“It is easy to see the beginnings of things, and harder to see the ends.”
~ Joan Didion
15 was a good age, one of the best for me. It was the age of adventure, dreams, and above all, friendship.
When I was a teenager, I had a few close girlfriends who made up—basically—my whole world. They were slightly older than I was and in my mind they were bad asses—I tried to emulate them.
They taught me to stick up for myself and to question authority. They taught me that life wasn’t all about getting good grades and creating a resume for college applications. They brought me to my first parties and skip days.
I saw them as family, as the big sisters I’d wished for as a little girl. They were there to listen to the excitement of my first kiss, my first crush, and the stories of every hope and heartbreak a girl has at 15.
They were there for everything.
Then, in what seemed like an instant, they were gone.
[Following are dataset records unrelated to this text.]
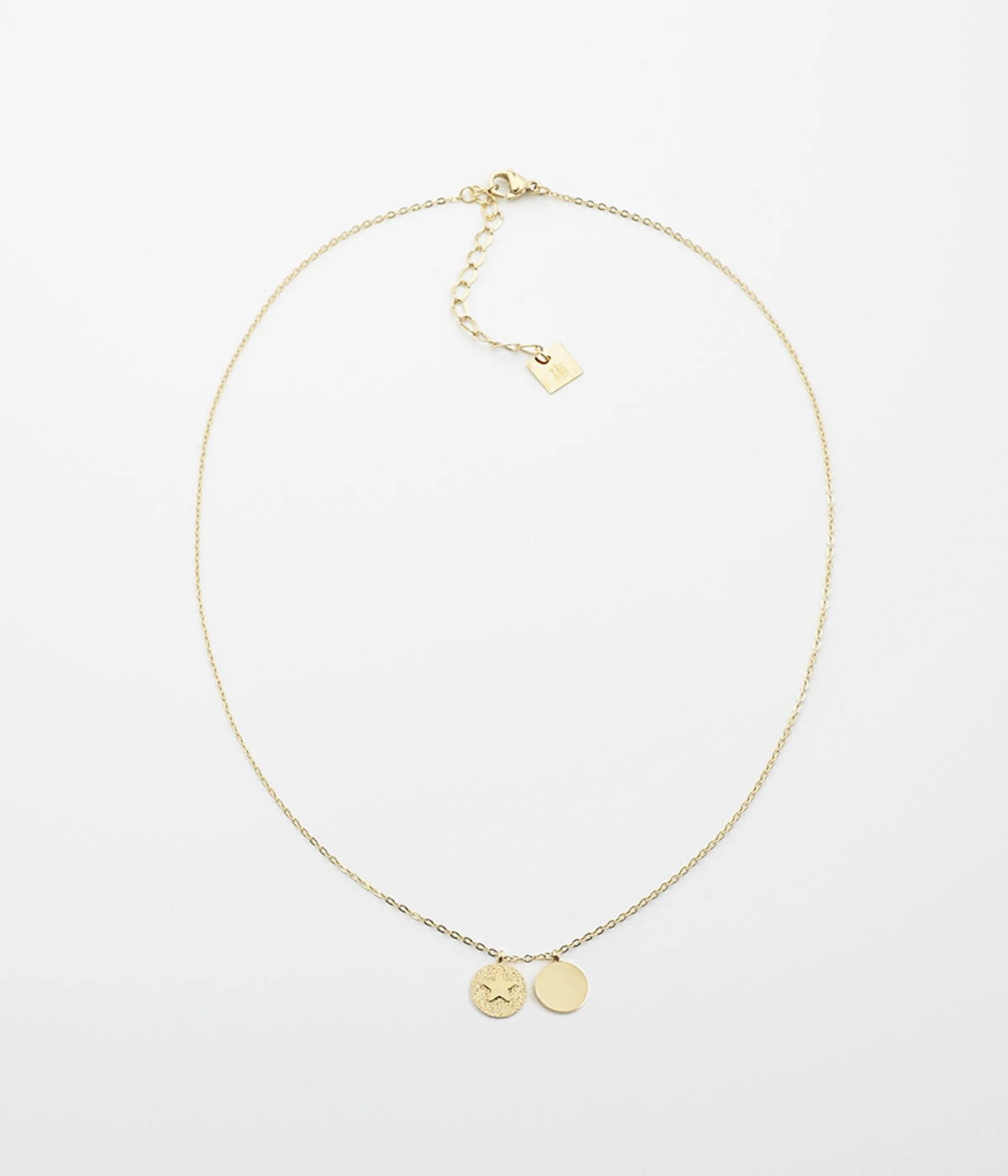 Collier chaînette en acier doré à l’or fin sur lequel deux petites médailles pampilles sont attachées, dont l’une est piqué d’un motif étoile.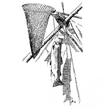 Kreslený podběrák a chycená ryba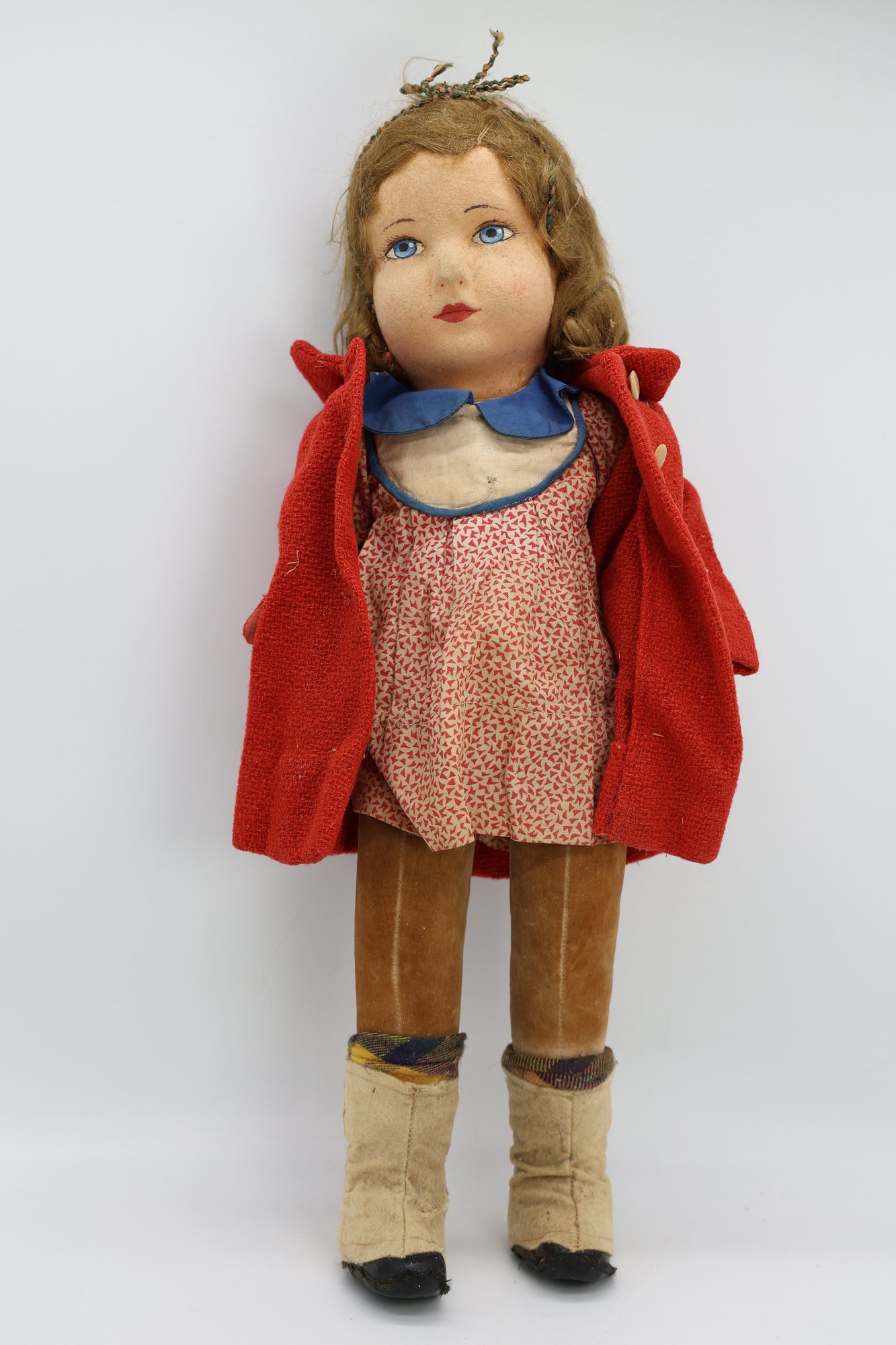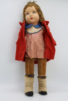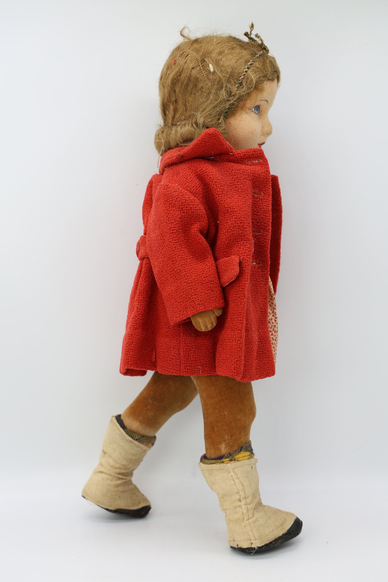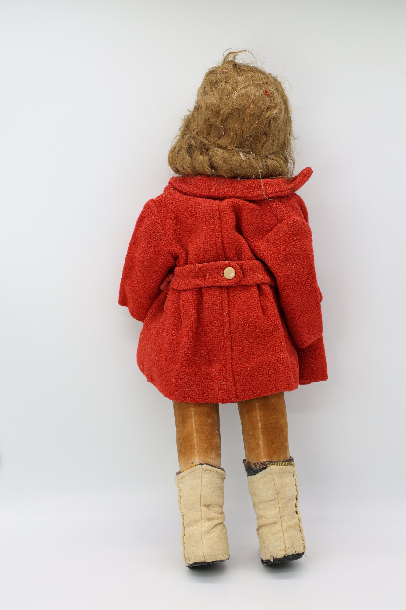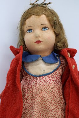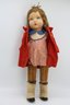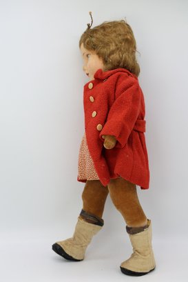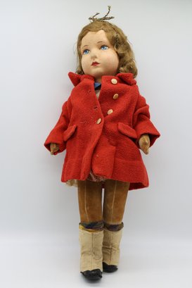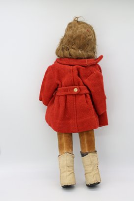 Molded and painted facial features with mohair wig and jointed arms and legs.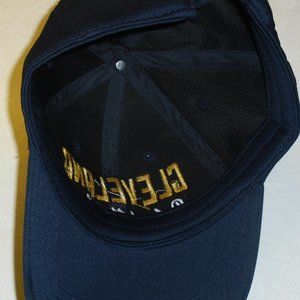 Brand New Mens Adjustable Strapback Cleveland Cavaliers Defend the Land hat. This hat is dark navy blue with the embroidered Cleveland in yellow and Defend the Land in white. Made of polyester material.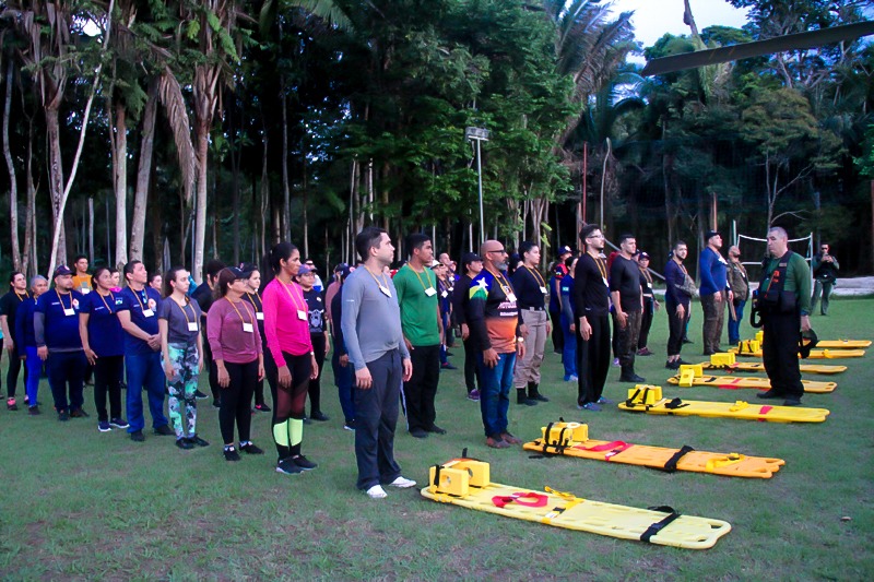 Os participantes também foram orientados sobre o uso adequado de equipamentos médicos e técnicas de transporte seguro de pacientes até o atendimento hospitalar, abordagem de aspectos relacionados à segurança pessoal, comunicação eficaz em situações de emergência e coordenação de equipe.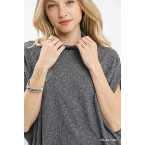 This textured mock neck relaxed top offers a cozy and stylish look with its fleece texture and mock neck design. The short dolman sleeves with side slits add a modern touch to the relaxed silhouette. The straight, easy-fit hemline provides a comfortable and effortless fit for everyday wear. Ideal for layering or wearing on its own, this top is versatile and easy to style. Please note that it is not lined, making it great for layering during cooler months.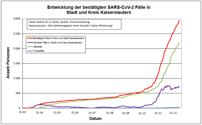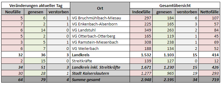 Heute sind 4 weitere Todesfälle zu vermelden. Die aktuellen Corona-Zahlen für die Stadt und den Landkreis Kaiserslautern können Sie dieser Tagesstatistik entnehmen:

Each graduated high school and went off to college, leaving me alone in my small town to fend for myself and figure out my own way. This was my first real experience coping with loss.
For a long time—more than 10 years—I thought they would return. I thought that even though we’d lost touch quite quickly after they left, memories of the times we’d shared together would bring them back to me. I knew one day I would find them or they would find me.
Then over a decade after I lost them, one day the magic of the Internet brought them back to me.
Now that we were in our 20s and free to do whatever we wanted, I imagined we would relive all the crazy things we did as girls—as women—and do the things we’d always dreamed of together. I expected to feel that same connection we shared as teens.
But expectations rarely lead to happiness, and the reunion I’d hoped for did not come to pass.
My friends were not the same as I’d remembered. They each had a family, cars, and houses in the suburbs while I was single and living in New York City, still chasing my dreams and buying metro cards. My world didn’t mesh with theirs anymore. I remember thinking we didn’t have that much to say to each other.
“It was good to see you,” I told them after a few hours together.
It was good—and now it was over. Actually it had ended all those years before but I couldn’t see that. I didn’t want to see because if I saw it, I’d have to accept that those friendships had run their course. I had not been ready to let go of the past quite yet.
Saying goodbye to those friendships meant saying goodbye to 15.
Intrinsically I know goodbyes are a part of life, but I still hate to say them. More than anything else, I hate it when people go away. Even though I know it’s not the truth, it always feels like those people are leaving me. Oddly enough, I rarely think about the times I’ve left people—physically or mentally. I wonder if those people felt the same sadness at the end.
Now, I understand that this is the way it goes. The universe places people in our lives for a period of time and eventually it takes them out. I truly believe we are meant to learn from each relationship, and when we stop learning from it the relationships end.
Sometimes we actually need it to end in order to grow up and move on.
I’m grateful for the friendships I had as a teenager. They were real, powerful and in many ways unlike any I’ve had since. They helped shape the woman I would become and taught me how I wanted to show up for the friendships I’d create in my future. But I know that I don’t need them to be happy anymore. I don’t need them to be me.
Turns out the thing I was most afraid of saying goodbye to wasn’t worth worrying about after all. That 15 year-old girl never really went away. She’s still there pushing me forward, helping me find the strength to be vulnerable, and reminding me to go out in the world and have fun.